Буквально дня через два или три О.Э. со сладчайшей улыбкой, точно бы он съел кусок чудного торта, сообщил мне: «Читал стихи (было понятно, какие) Борису Леонидовичу». У меня оборвалось сердце. Конечно, Б.Л. Пастернак был вне подозрений (как и Ахматова, и Клычков), но около него всегда увивались люди (как и вокруг О.Э.), которым я очень поостерегся бы говорить что-нибудь. А самое главное — мне стало ясно, что за эти несколько дней О.Э. успел прочитать страшные стихи еще не одному своему знакомцу. Конец этой истории можно было предсказать безошибочно. Даже несколько удивительно, что в надлежащее место стихи попали только через год.
Первая жена Виктора Борисовича Шкловского — Василиса Георгиевна (они с Мандельштамами были тогда очень близки) уверяет, что однажды Осип Эмильевич устроил даже публичное чтение этого стихотворения:
— А он вам читал «Горца»?
— Представь себе, он собрал людей, чтобы читать этого «Горца». Я говорила: «Что вы делаете?! Зачем? Вы затягиваете петлю у себя на шее». Но он: «Не могу иначе…» И было несколько человек, и тут же донесли. Вот я двух людей так вот умоляла: Белинкова и Осипа Эмильевича. Белинков то же самое — «Раз я уже написал, то чтоб я не читал…»
— А Осип Эмильевич тебе сперва прочел это стихотворение?

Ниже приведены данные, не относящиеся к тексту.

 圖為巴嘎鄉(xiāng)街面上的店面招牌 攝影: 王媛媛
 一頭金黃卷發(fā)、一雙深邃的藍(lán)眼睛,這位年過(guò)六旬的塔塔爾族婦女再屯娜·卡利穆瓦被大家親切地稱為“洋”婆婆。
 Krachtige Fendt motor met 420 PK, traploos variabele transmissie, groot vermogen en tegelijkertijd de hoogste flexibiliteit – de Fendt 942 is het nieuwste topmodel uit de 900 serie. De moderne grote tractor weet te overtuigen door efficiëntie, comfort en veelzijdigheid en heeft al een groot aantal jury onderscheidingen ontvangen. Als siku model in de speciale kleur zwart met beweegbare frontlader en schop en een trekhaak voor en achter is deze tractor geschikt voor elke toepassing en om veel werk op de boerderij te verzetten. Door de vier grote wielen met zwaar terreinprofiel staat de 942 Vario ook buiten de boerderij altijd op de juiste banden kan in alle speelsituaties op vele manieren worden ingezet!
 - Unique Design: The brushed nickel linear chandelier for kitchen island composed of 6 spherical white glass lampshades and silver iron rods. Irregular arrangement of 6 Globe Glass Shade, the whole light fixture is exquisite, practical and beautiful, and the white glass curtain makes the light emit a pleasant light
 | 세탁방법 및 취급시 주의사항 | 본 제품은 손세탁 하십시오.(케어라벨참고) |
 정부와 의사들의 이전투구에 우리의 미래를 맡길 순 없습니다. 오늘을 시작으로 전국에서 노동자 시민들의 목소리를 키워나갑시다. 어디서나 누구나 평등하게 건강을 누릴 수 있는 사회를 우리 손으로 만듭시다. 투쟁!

— Нет-нет, он собрал нас всех и прочел. Тут же, моментально донесли.
— Это у нас было, да?
— Нет, что ты. У нас! У нас мы бы ему не позволили. Если бы у нас! Мы бы его загнали в кухню. Никогда! А он нас собрал. Причем много народу. Вот где, я не помню. Я даже не знала, что он будет читать. У меня такое впечатление, что это было в домоуправлении (Все смеются.) — в каком-то… общественном месте…
Что же заставило его поступать так чудовищно неосторожно? Гражданские чувства? Ненависть к тирану? Жажда разоблачить и унизить ненавистную ему темную силу деспотизма? Осмеять ее хотя бы перед одиннадцатью слушателями?

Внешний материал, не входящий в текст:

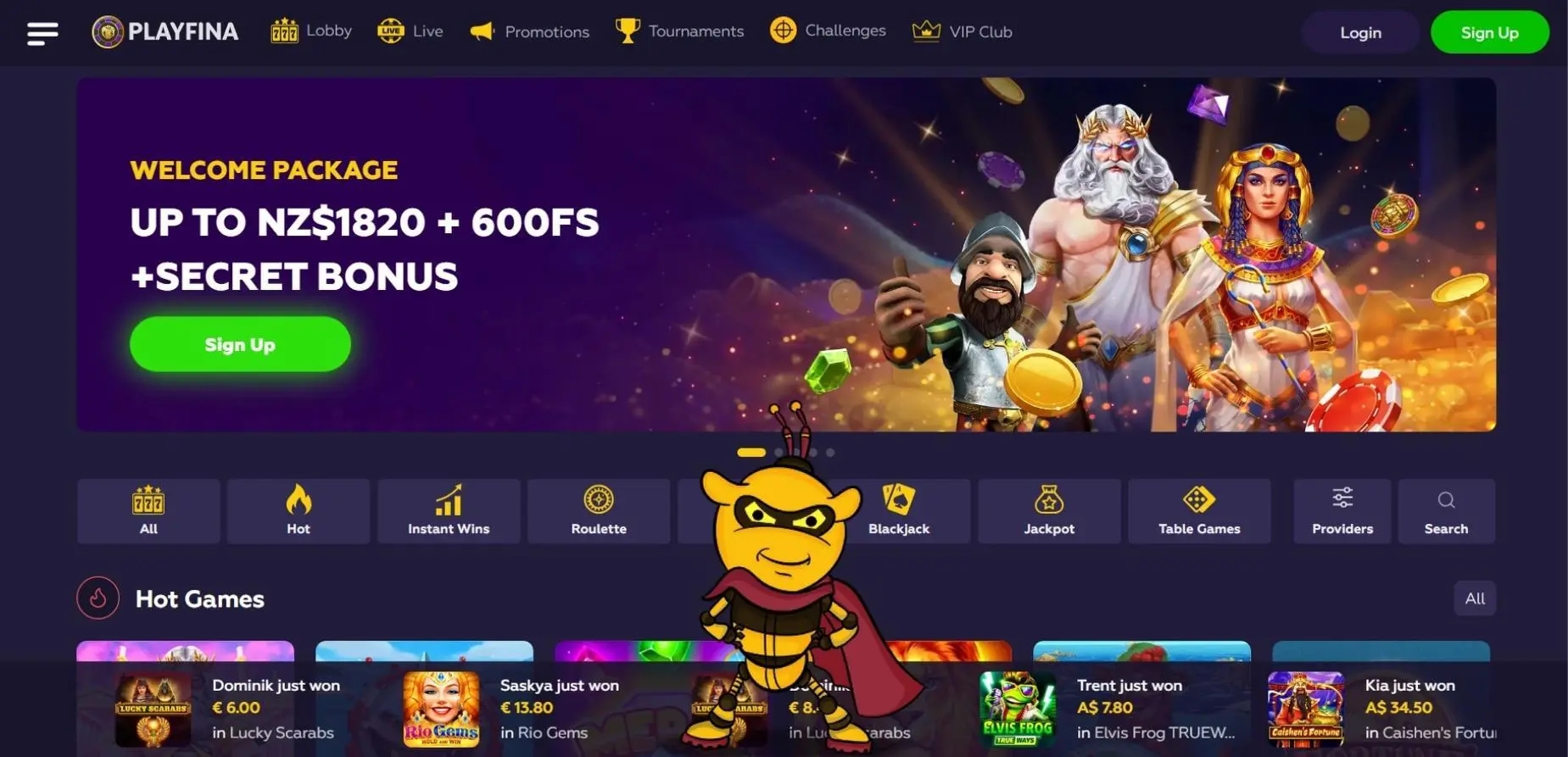 To start playing your favorite games at Playfina, you must create a personal account. After that, you can access all the site's functionality Dive into a Universe of Fun at Playfina Online Casino - Your One-Stop Shop for Gaming Thrills!! Playfina Casino Review - No Deposit, Free Spins And Best Playfina Casino How to Start Up to 1000€ + 200 FS + Secret Bonus!!! You instantly get presented with the casino's primary services and listed games, as well as its live casino section...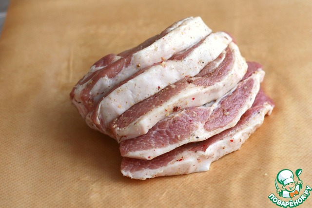 1. Свиная корейка, которую я нарезала вдоль до косточки, получилась вот такая гармошка, как видно на фото.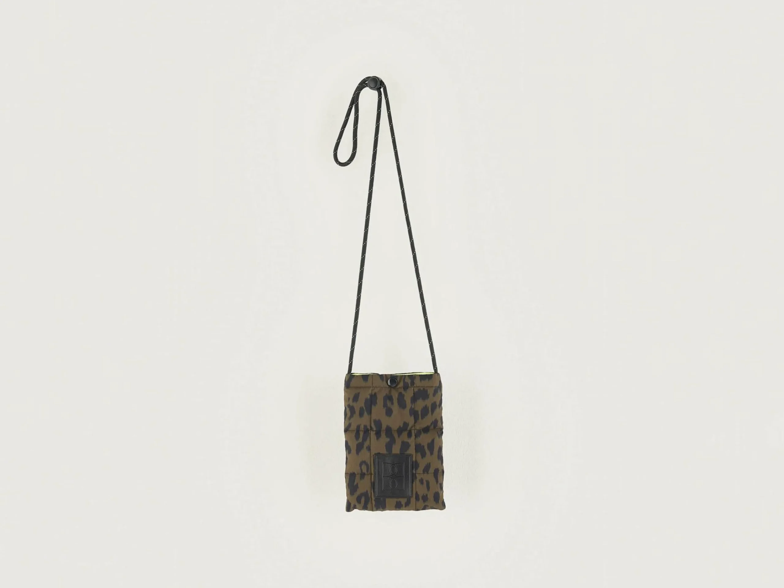 Gewatteerde telefoontas met luipaardprint.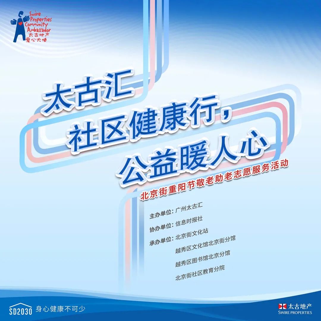 为增强老年人对健康知识的了解,同时激发老年人关爱自己、关爱健康的自我保健意识,10月24日(本周六)上午10:00,广州太古汇携手《信息时报》举办“太古汇社区健康行 公益暖人心”活动,为北京街的中老年群体提供健康知识教育。

Мотивы деятельности революционера тут были бы вполне понятны и очевидны. Революционер поступает так в пропагандистских целях. Он вербует потенциальных сторонников, единомышленников.
Поэт движим иными мотивами. Соображения целесообразности ему чужды.

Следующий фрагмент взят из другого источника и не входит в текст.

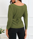 Lace-up Wrapped Split Hem Solid Long Sleeve Top
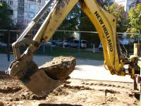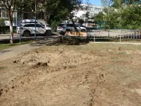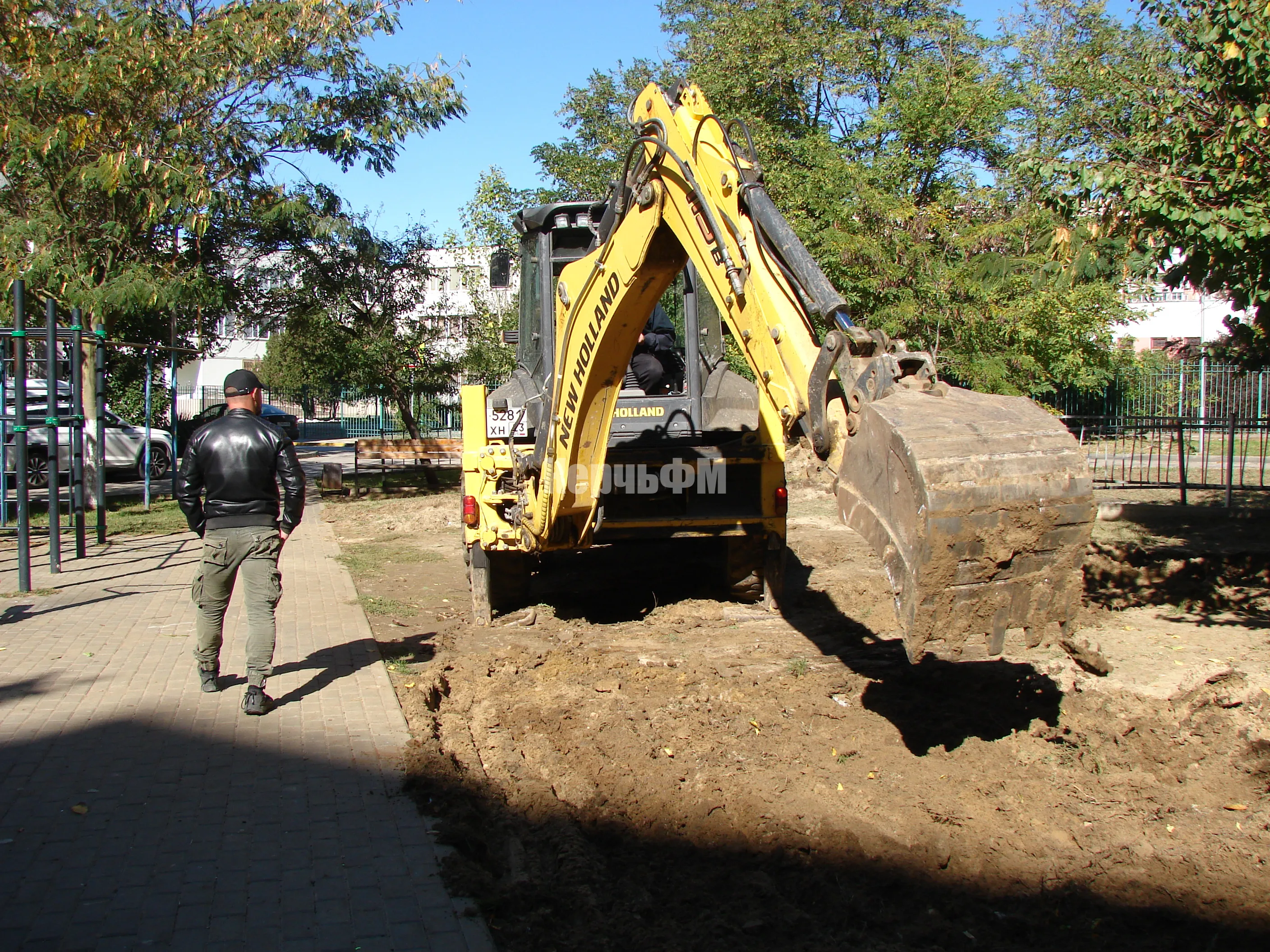 После полного демонтажа всех старых игровых элементов на детских площадках во дворе по Сморжевского, 1 тяжелая техника приступила к подготовке территории для новых.

Виновата ли я, что не повыгоняла всех друзей и знакомых и не осталась с глазу на глаз с О. М., как делало большинство моих современников? Мою вину умаляет только то, что О.М. все равно удрал бы из-под присмотра и прочел недопустимые стихи… первому встречному. Режим самообуздания и самоареста был не для него.
Но дело было не только в сугубо индивидуальных особенностях данного характера.
У Арсения Тарковского есть стихотворение, в котором выразительно запечатлен неповторимый облик О. Мандельштама:
Эту книгу мне когда-то
В коридоре Госиздата
Подарил один поэт;
Книга порвана, измята,
И в живых поэта нет.
Говорили, что в обличье
У поэта нечто птичье
И египетское есть;
Было нищее величье
И задерганная честь.
Как боялся он пространства
Коридоров! Постоянства
Кредиторов! Он, как дар,
В диком приступе жеманства
Принимал свой гонорар…
Гнутым словом забавлялся,
Птичьим клювом улыбался,
Встречных с лету брал в зажим,
Одиночества боялся
И стихи читал чужим.
Но эти строки — особенно последняя — представляют собою нечто большее, чем просто рисунок с натуры. Тут присутствует какое-то, быть может, невольное, но очень важное обобщение. Не случайно стихотворение называется «Поэт», а непосредственно вслед за процитированными строчками следует восторженное: «Так и надо жить поэту…»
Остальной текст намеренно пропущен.